=== Data extracted from a collection ===

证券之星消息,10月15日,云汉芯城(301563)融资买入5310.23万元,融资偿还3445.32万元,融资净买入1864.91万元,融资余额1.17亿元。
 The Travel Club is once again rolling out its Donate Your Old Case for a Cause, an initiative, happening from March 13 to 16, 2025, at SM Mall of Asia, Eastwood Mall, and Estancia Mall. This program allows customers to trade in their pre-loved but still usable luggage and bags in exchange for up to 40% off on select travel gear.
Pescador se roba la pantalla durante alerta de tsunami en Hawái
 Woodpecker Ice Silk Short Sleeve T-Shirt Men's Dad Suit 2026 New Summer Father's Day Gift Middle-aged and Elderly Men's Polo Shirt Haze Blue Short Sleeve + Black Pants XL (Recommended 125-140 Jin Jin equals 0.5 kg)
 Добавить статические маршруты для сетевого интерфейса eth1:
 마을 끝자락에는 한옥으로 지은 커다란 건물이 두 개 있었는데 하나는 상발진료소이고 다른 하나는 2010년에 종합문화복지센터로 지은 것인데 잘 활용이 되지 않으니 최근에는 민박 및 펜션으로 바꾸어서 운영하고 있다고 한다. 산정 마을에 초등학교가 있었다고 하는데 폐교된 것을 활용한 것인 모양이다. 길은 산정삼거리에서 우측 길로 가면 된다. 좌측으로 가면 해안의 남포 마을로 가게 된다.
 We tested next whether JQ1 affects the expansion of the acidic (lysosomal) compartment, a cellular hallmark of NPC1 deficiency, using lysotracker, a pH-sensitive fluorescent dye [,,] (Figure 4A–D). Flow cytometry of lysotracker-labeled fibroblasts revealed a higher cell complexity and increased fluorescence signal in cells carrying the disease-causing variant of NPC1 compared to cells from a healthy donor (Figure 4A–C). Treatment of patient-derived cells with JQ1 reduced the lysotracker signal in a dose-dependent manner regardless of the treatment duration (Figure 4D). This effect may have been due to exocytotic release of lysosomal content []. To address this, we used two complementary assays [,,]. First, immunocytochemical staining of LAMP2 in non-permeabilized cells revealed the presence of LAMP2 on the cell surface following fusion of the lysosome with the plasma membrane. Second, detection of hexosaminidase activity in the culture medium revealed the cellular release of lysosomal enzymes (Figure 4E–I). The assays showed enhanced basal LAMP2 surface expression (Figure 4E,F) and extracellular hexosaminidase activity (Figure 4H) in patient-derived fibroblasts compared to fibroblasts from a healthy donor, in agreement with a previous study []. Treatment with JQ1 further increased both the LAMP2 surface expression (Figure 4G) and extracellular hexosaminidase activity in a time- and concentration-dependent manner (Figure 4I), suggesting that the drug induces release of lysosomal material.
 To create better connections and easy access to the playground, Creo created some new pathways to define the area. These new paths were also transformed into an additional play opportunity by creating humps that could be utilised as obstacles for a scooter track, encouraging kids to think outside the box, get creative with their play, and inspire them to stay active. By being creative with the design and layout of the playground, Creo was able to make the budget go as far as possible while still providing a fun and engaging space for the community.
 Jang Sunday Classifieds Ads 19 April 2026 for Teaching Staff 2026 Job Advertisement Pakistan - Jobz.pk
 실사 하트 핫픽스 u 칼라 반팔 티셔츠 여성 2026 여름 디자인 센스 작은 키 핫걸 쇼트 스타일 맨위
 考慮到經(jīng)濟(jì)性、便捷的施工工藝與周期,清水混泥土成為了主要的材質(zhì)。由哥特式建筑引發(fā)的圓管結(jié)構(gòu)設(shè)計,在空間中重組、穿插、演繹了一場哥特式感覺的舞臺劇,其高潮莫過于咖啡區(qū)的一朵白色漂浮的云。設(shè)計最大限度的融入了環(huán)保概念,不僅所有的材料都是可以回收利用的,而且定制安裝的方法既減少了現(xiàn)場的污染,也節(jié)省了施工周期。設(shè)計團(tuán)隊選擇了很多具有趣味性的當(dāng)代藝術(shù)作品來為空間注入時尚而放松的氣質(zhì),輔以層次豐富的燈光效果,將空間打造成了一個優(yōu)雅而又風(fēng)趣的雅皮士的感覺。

=== Instructions to follow ===
Which lines above contain "their"? Show each of them.

=== Answer for this exercise ===
 The Travel Club is once again rolling out its Donate Your Old Case for a Cause, an initiative, happening from March 13 to 16, 2025, at SM Mall of Asia, Eastwood Mall, and Estancia Mall. This program allows customers to trade in their pre-loved but still usable luggage and bags in exchange for up to 40% off on select travel gear.
 To create better connections and easy access to the playground, Creo created some new pathways to define the area. These new paths were also transformed into an additional play opportunity by creating humps that could be utilised as obstacles for a scooter track, encouraging kids to think outside the box, get creative with their play, and inspire them to stay active. By being creative with the design and layout of the playground, Creo was able to make the budget go as far as possible while still providing a fun and engaging space for the community.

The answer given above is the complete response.